Christopher Amato

Christopher Amato is an American computer scientist and Associate Professor in the Khoury College of Computer Sciences at Northeastern University in Boston, Massachusetts. His research focuses on reinforcement learning, multi-Agent systems, and planning in partially observable environments. He leads the Lab for Learning and Planning in Robotics (LLPR).

Education

Amato received a Bachelor of Arts in Clinical Psychology and Philosophy from Tufts University. He pursued graduate studies at the University of Massachusetts Amherst, earning a Master of Science in Computer Science followed by a Ph.D. in Computer Science under the supervision of Shlomo Zilberstein. His dissertation focused on increasing scalability in algorithms for centralized and decentralized partially observable Markov decision processes (POMDPs).

Career

After completing his doctorate, Amato worked as a research scientist at Aptima, Inc. He subsequently held positions as a postdoctoral fellow and research scientist at the Massachusetts Institute of Technology (MIT), where he worked with Leslie P. Kaelbling and the Learning and Intelligent Systems group in the Computer Science and Artificial Intelligence Laboratory (CSAIL), as well as Jonathan P. How and the Aerospace Control Lab in the Laboratory for Information and Decision Systems (LIDS). He also served as an Assistant Professor at the University of New Hampshire from 2015 to 2016.
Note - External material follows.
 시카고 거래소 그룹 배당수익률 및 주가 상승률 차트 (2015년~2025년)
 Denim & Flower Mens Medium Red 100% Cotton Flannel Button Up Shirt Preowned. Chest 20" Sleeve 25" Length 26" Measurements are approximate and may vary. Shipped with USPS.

Amato joined Northeastern University in 2016 as an Assistant Professor and was promoted to Associate Professor in 2022. At Northeastern, he leads the Lab for Learning and Planning in Robotics, focusing on reinforcement learning and planning in partially observable and multi-agent/multi-robot systems.

Research

Amato's research lies at the intersection of artificial intelligence, machine learning, and robotics. His work explores principled solution methods for systems of agents (such as robots, network nodes, sensors) operating under uncertainty with limited communication. Applications of his research include multi-robot navigation, search and rescue operations, autonomous surveillance, and multi-robot coordination.
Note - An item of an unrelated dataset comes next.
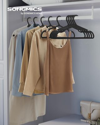 Fedezze fel a SONGMICS vállfák robusztus tartósságát. Vékony, 0,16 hüvelykes profiljuk ellenére ezek a műanyag akasztók egyenként akár 11 fontot is elbírnak. A terjedelmes pulóverektől a téli kabátokig ezeket a vállfákat úgy tervezték, hogy bírják a súlyt, miközben gardróbját rendezetten és stílusosan tartják.
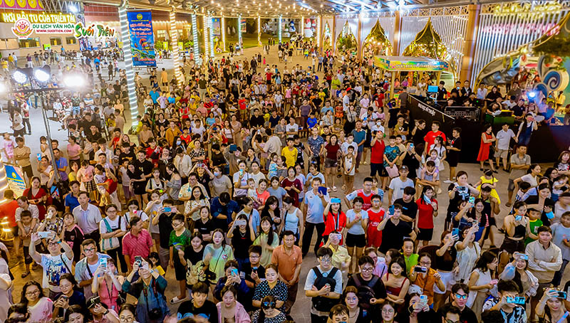 Ảnh du khách tại các hoạt động đêm đầy hấp dẫn tại Suối Tiên

His main research areas include:

  • Reinforcement learning (partially observable and multi-agent)
  • Multi-agent and multi-robot systems
  • Partially observable Markov decision processes (POMDPs)
  • Decentralized POMDPs (Dec-POMDPs)
  • Planning under uncertainty
  • Safe reinforcement learning
  • Adversarial machine learning in reinforcement learning contexts

Amato has published extensively in leading artificial intelligence, machine learning, and robotics venues including NeurIPS, ICML, ICLR, AAAI, IJCAI, AAMAS, ICRA, and IROS. According to Google Scholar, his work has been cited over 7,900 times.

Notable contributions

Amato has made significant contributions to the theory and application of decentralized decision-making under uncertainty:

  • Decentralized POMDPs: Amato is a leading researcher in the area of decentralized partially observable Markov decision processes (Dec-POMDPs), a framework for modeling multi-agent decision-making under uncertainty. He maintains the Dec-POMDP resource page, which serves as a central repository for publications, code, and datasets in this area.
  • Multi-agent reinforcement learning: His work on deep decentralized multi-task multi-agent reinforcement learning under partial observability (ICML 2017) has been highly influential, with over 590 citations, addressing the challenge of learning in multi-agent systems with limited communication.
  • Centralized training for decentralized execution (CTDE): Amato has contributed foundational work on the CTDE paradigm for cooperative multi-agent reinforcement learning.
  • Safe reinforcement learning: Recent work includes developing methods for shield decomposition for safe reinforcement learning in partially observable multi-agent environments.
  • Adversarial robustness in RL: His research group has investigated vulnerabilities of deep reinforcement learning to backdoor poisoning attacks, publishing notable works including "SleeperNets" (NeurIPS 2024) and "Adversarial Inception Backdoor Attacks" (ICML 2025).

Books

Amato has co-authored two books on multi-agent decision-making:

Awards and honors

  • Stanford University Top 2% Most-Cited Scientists – Included in the annual assessment of author citations representing the top 2% of most-cited scientists worldwide based on single-year impact.
  • NSF CAREER Award (2021) – Awarded by the National Science Foundation for research on "Scalable Planning and Learning for Multi-Agent Systems under Uncertainty."
  • Amazon Research Awards (2019, 2020) – For research on reinforcement learning and multi-agent systems.
  • Best Paper Award, AAMAS (2014) – International Conference on Autonomous Agents and Multiagent Systems.
  • Member, AAAI – Association for the Advancement of Artificial Intelligence.
  • Member, ACM – Association for Computing Machinery.